**WHAT NEEDS TO BE DONE**
Word for word, restate all the records; images are not part of the copy.

[Opening MATERIAL PROVIDED section]

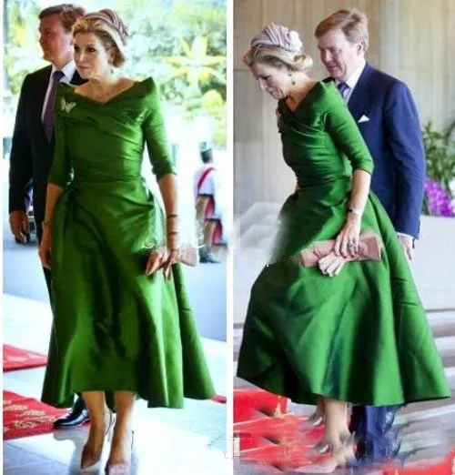 Винтажное платье для матери невесты, зеленое платье с открытыми плечами, длина до половины икры
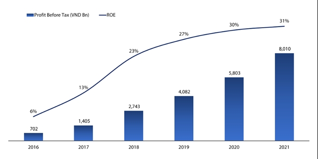 VIB said the recovery of the national economy and credit room extensions for some banks in the year-end period along with the bank's strategy of developing strong digital products and platforms helped make an impressive business breakthrough for the bank after the pandemic so that it continued to lead the industry in terms of operational efficiency with a return on equity ratio of 31 per cent.
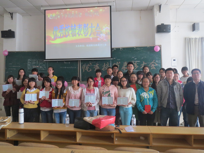 10月23日中午,我校2012-2013学年校外辅导员工作总结表彰大会在东方红校区实验楼C栋201隆重举行。校团委副书记赵小群、杜毅老师,校团委实践部、少工委学生干部、各系团总支实践部学生干部,以及校外辅导员代表400余人参加了会议。
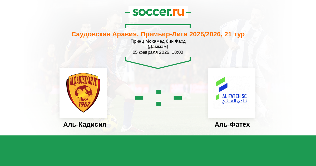 Саудовская Аравия. Премьер-Лига 01.02.2025 Аль-Фатех Логотип футбольный клуб Аль-Фатех (Эль-Хаса) 1:1 Логотип футбольный клуб Аль-Кадисия (Эль-Хубар) Аль-Кадисия
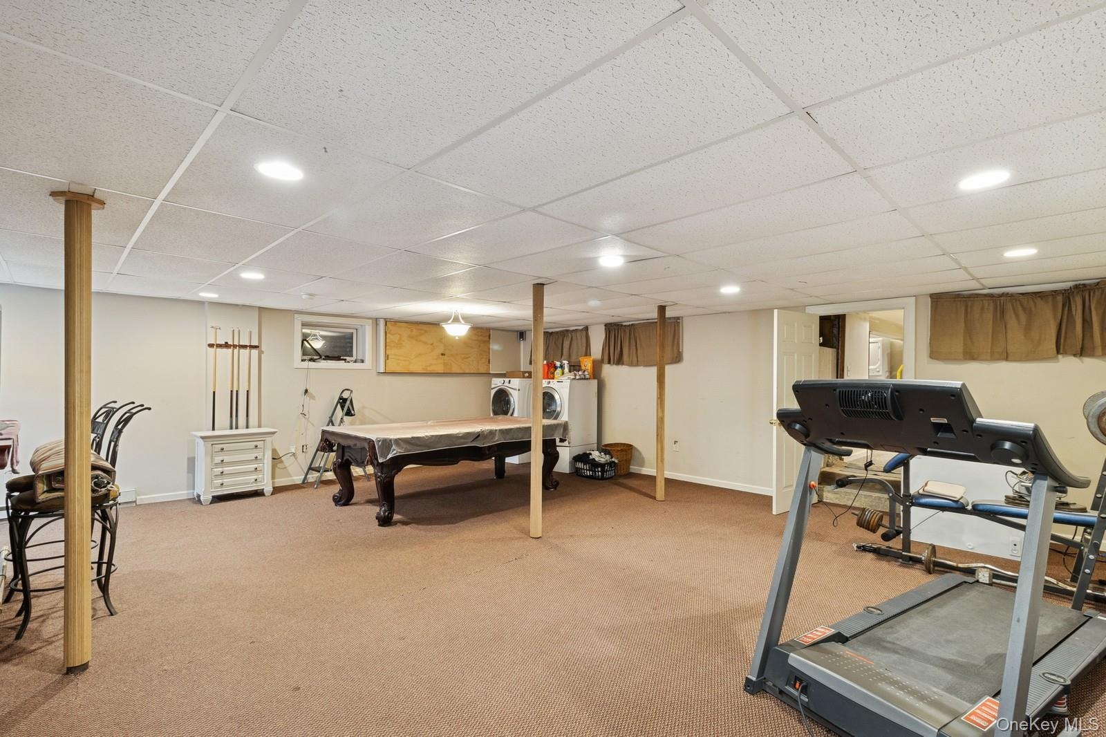 - Exercise room with baseboards, recessed lighting, light colored carpet, independent washer and dryer, and billiards

[Closing MATERIAL PROVIDED section]

**YOUR RESPONSE**
 Винтажное платье для матери невесты, зеленое платье с открытыми плечами, длина до половины икры
 VIB said the recovery of the national economy and credit room extensions for some banks in the year-end period along with the bank's strategy of developing strong digital products and platforms helped make an impressive business breakthrough for the bank after the pandemic so that it continued to lead the industry in terms of operational efficiency with a return on equity ratio of 31 per cent.
 10月23日中午,我校2012-2013学年校外辅导员工作总结表彰大会在东方红校区实验楼C栋201隆重举行。校团委副书记赵小群、杜毅老师,校团委实践部、少工委学生干部、各系团总支实践部学生干部,以及校外辅导员代表400余人参加了会议。
 Саудовская Аравия. Премьер-Лига 01.02.2025 Аль-Фатех Логотип футбольный клуб Аль-Фатех (Эль-Хаса) 1:1 Логотип футбольный клуб Аль-Кадисия (Эль-Хубар) Аль-Кадисия
 - Exercise room with baseboards, recessed lighting, light colored carpet, independent washer and dryer, and billiards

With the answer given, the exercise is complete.